# [Task description]
I'd like the full listing transcribed exactly, with no images included.
#### Data section ####
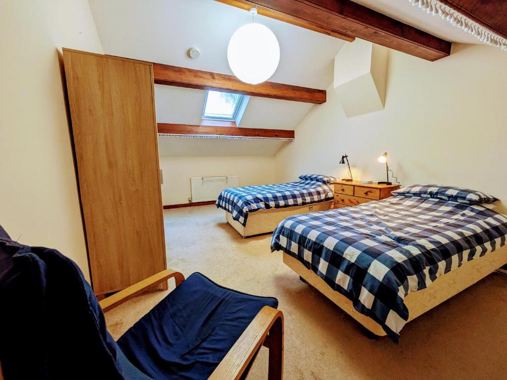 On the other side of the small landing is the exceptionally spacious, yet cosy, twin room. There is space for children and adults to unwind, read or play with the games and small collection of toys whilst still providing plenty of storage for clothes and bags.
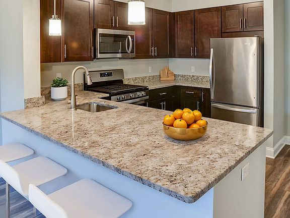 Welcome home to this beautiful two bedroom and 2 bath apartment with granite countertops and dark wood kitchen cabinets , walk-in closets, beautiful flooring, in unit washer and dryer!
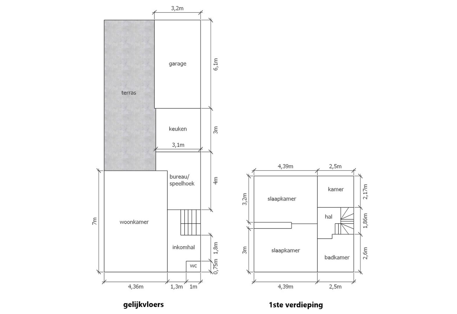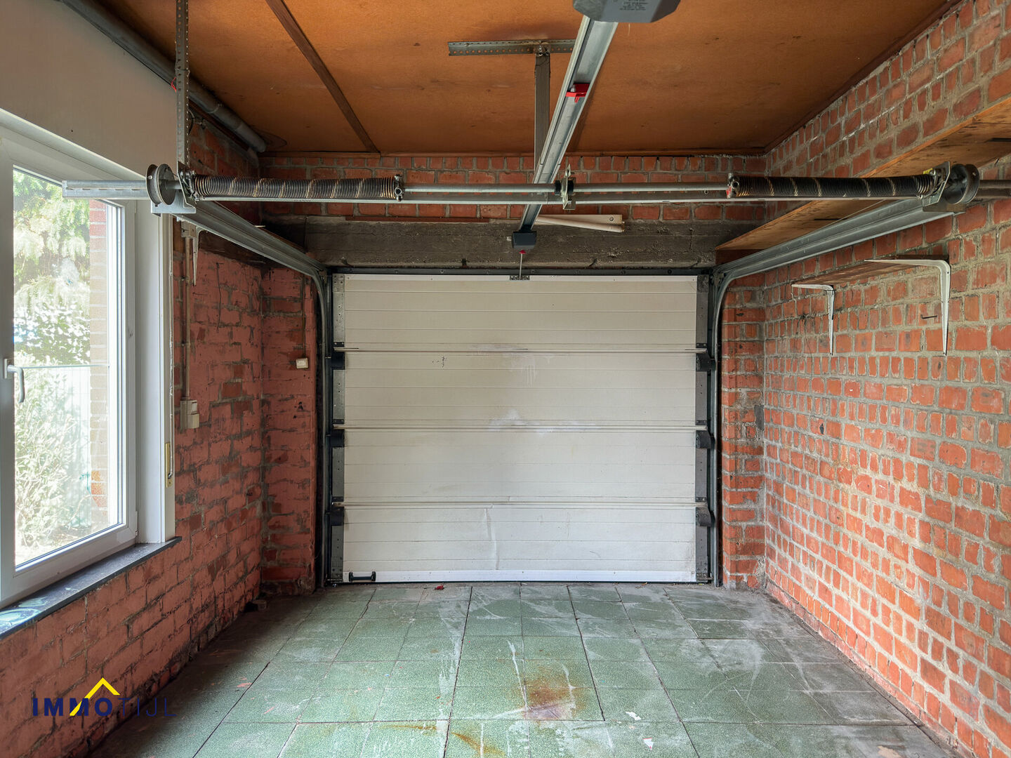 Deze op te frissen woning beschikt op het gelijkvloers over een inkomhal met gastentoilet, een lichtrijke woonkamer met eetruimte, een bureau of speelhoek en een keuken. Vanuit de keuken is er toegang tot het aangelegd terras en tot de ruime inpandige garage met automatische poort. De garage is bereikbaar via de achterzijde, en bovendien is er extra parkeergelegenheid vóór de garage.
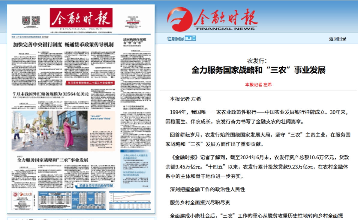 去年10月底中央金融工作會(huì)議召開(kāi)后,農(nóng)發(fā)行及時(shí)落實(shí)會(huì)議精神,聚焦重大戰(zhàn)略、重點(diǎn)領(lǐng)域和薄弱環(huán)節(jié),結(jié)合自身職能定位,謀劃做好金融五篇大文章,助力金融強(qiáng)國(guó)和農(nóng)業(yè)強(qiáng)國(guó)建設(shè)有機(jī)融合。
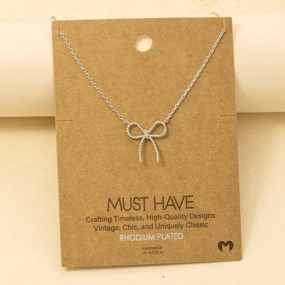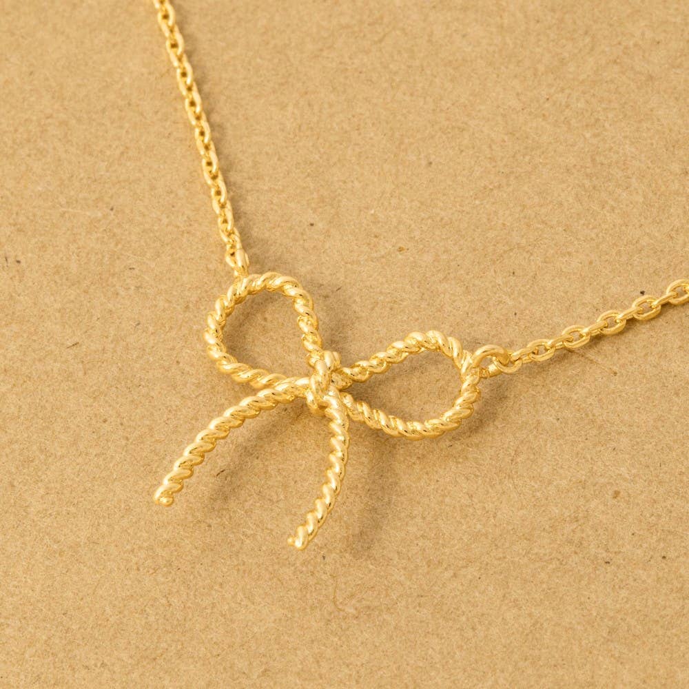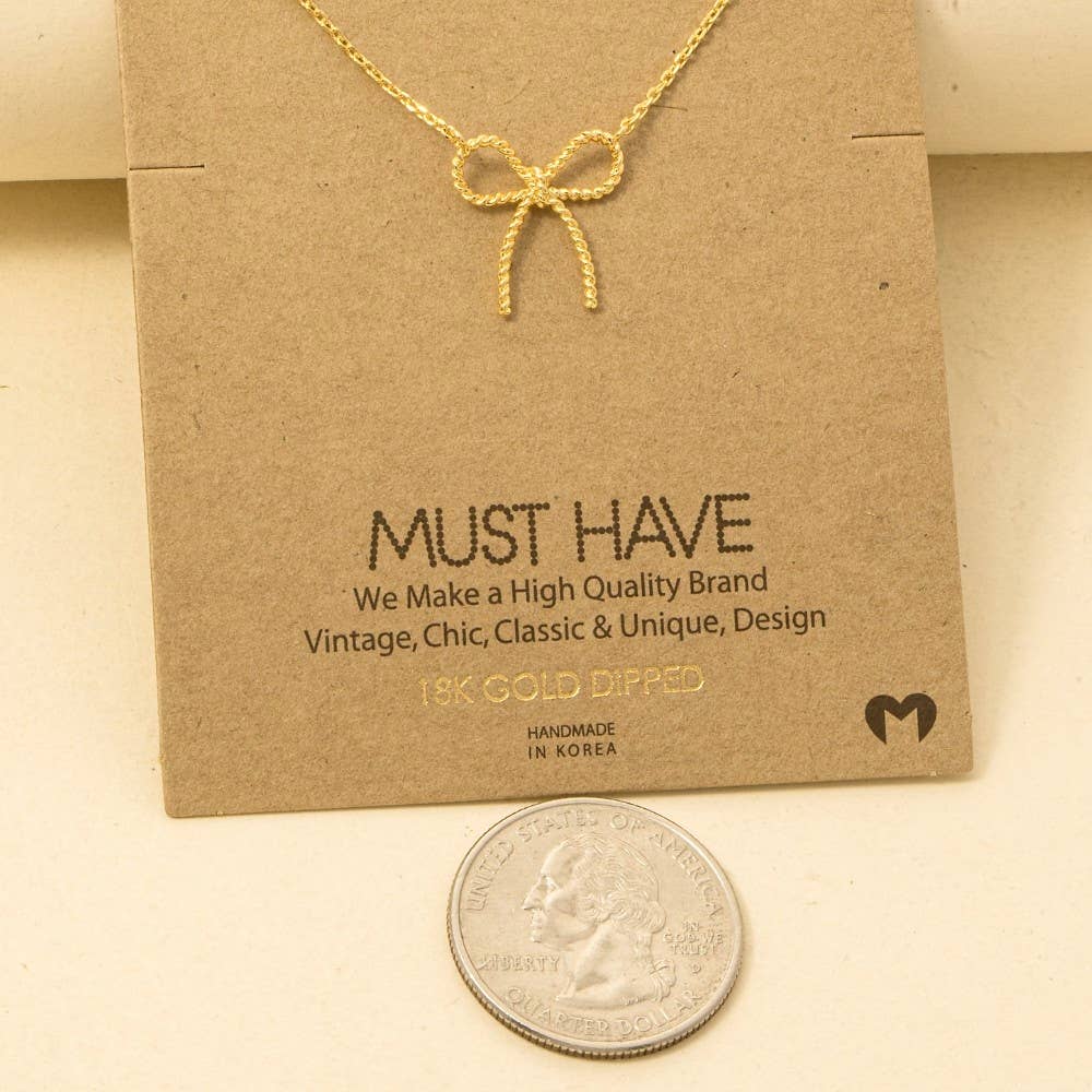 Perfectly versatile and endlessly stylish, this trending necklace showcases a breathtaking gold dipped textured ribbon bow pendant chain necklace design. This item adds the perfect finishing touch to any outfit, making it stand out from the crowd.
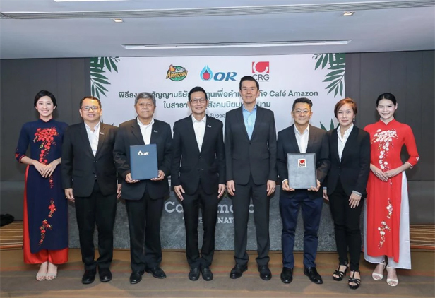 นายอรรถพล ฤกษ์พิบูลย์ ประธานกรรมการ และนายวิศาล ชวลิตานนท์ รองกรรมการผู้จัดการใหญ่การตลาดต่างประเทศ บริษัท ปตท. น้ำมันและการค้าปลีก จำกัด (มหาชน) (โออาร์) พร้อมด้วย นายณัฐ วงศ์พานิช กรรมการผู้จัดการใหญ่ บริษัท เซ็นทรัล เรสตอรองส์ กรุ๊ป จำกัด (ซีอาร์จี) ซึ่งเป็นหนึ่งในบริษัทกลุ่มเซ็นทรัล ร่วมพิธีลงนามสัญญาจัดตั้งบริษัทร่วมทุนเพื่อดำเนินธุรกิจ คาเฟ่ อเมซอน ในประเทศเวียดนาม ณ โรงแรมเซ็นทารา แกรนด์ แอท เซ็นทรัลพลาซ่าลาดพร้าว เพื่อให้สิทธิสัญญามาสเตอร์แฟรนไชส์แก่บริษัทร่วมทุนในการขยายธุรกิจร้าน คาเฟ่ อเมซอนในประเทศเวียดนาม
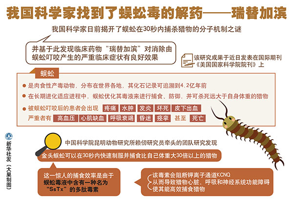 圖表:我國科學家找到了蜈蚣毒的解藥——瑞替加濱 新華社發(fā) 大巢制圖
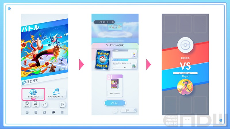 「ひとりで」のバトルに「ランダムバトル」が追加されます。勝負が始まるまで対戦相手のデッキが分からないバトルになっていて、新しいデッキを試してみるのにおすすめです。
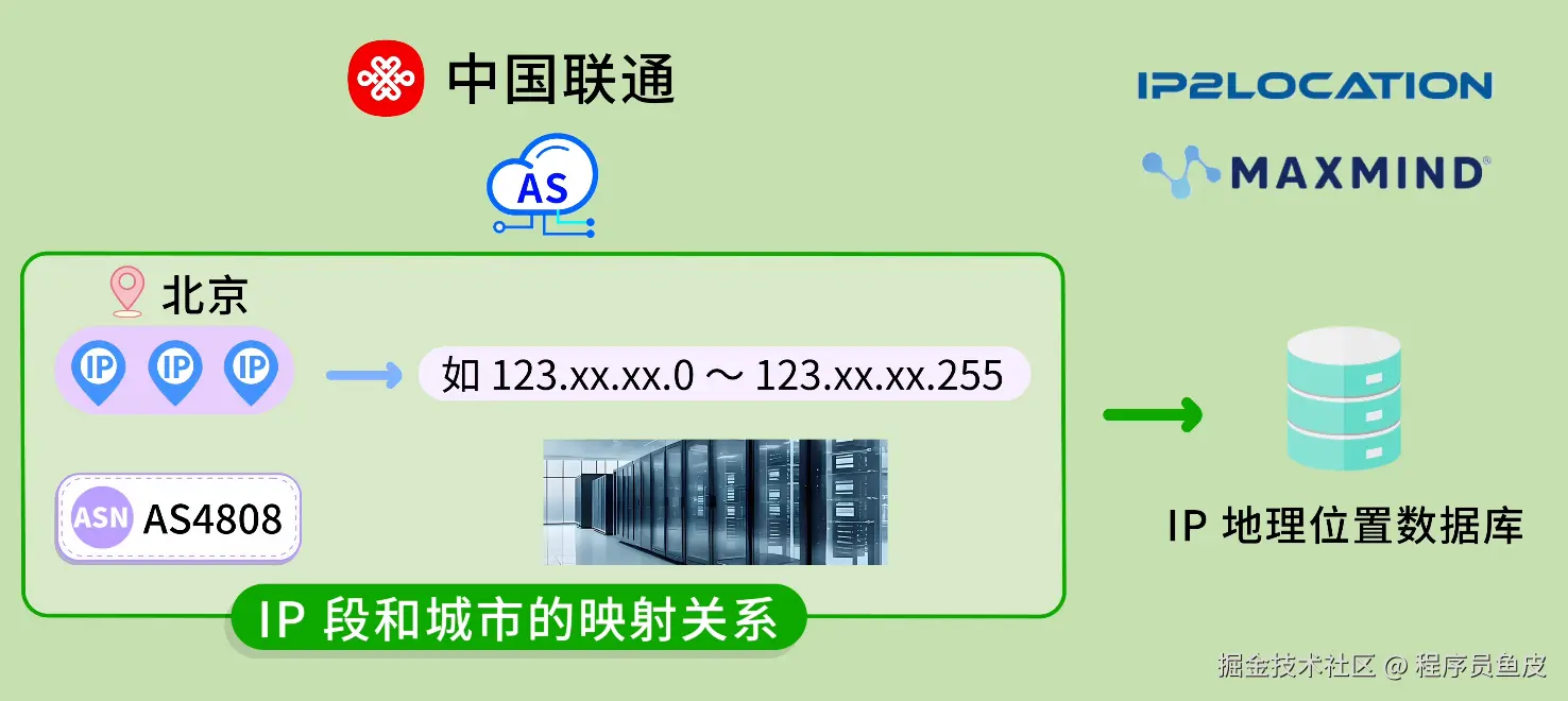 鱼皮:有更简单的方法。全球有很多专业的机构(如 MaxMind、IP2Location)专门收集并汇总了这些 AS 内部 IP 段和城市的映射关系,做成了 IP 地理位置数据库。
####
# [Solution to this exercise]
 On the other side of the small landing is the exceptionally spacious, yet cosy, twin room. There is space for children and adults to unwind, read or play with the games and small collection of toys whilst still providing plenty of storage for clothes and bags.
 Welcome home to this beautiful two bedroom and 2 bath apartment with granite countertops and dark wood kitchen cabinets , walk-in closets, beautiful flooring, in unit washer and dryer!
 Deze op te frissen woning beschikt op het gelijkvloers over een inkomhal met gastentoilet, een lichtrijke woonkamer met eetruimte, een bureau of speelhoek en een keuken. Vanuit de keuken is er toegang tot het aangelegd terras en tot de ruime inpandige garage met automatische poort. De garage is bereikbaar via de achterzijde, en bovendien is er extra parkeergelegenheid vóór de garage.
 去年10月底中央金融工作會(huì)議召開(kāi)后,農(nóng)發(fā)行及時(shí)落實(shí)會(huì)議精神,聚焦重大戰(zhàn)略、重點(diǎn)領(lǐng)域和薄弱環(huán)節(jié),結(jié)合自身職能定位,謀劃做好金融五篇大文章,助力金融強(qiáng)國(guó)和農(nóng)業(yè)強(qiáng)國(guó)建設(shè)有機(jī)融合。
 Perfectly versatile and endlessly stylish, this trending necklace showcases a breathtaking gold dipped textured ribbon bow pendant chain necklace design. This item adds the perfect finishing touch to any outfit, making it stand out from the crowd.
 นายอรรถพล ฤกษ์พิบูลย์ ประธานกรรมการ และนายวิศาล ชวลิตานนท์ รองกรรมการผู้จัดการใหญ่การตลาดต่างประเทศ บริษัท ปตท. น้ำมันและการค้าปลีก จำกัด (มหาชน) (โออาร์) พร้อมด้วย นายณัฐ วงศ์พานิช กรรมการผู้จัดการใหญ่ บริษัท เซ็นทรัล เรสตอรองส์ กรุ๊ป จำกัด (ซีอาร์จี) ซึ่งเป็นหนึ่งในบริษัทกลุ่มเซ็นทรัล ร่วมพิธีลงนามสัญญาจัดตั้งบริษัทร่วมทุนเพื่อดำเนินธุรกิจ คาเฟ่ อเมซอน ในประเทศเวียดนาม ณ โรงแรมเซ็นทารา แกรนด์ แอท เซ็นทรัลพลาซ่าลาดพร้าว เพื่อให้สิทธิสัญญามาสเตอร์แฟรนไชส์แก่บริษัทร่วมทุนในการขยายธุรกิจร้าน คาเฟ่ อเมซอนในประเทศเวียดนาม
 圖表:我國科學家找到了蜈蚣毒的解藥——瑞替加濱 新華社發(fā) 大巢制圖
 「ひとりで」のバトルに「ランダムバトル」が追加されます。勝負が始まるまで対戦相手のデッキが分からないバトルになっていて、新しいデッキを試してみるのにおすすめです。
 鱼皮:有更简单的方法。全球有很多专业的机构(如 MaxMind、IP2Location)专门收集并汇总了这些 AS 内部 IP 段和城市的映射关系,做成了 IP 地理位置数据库。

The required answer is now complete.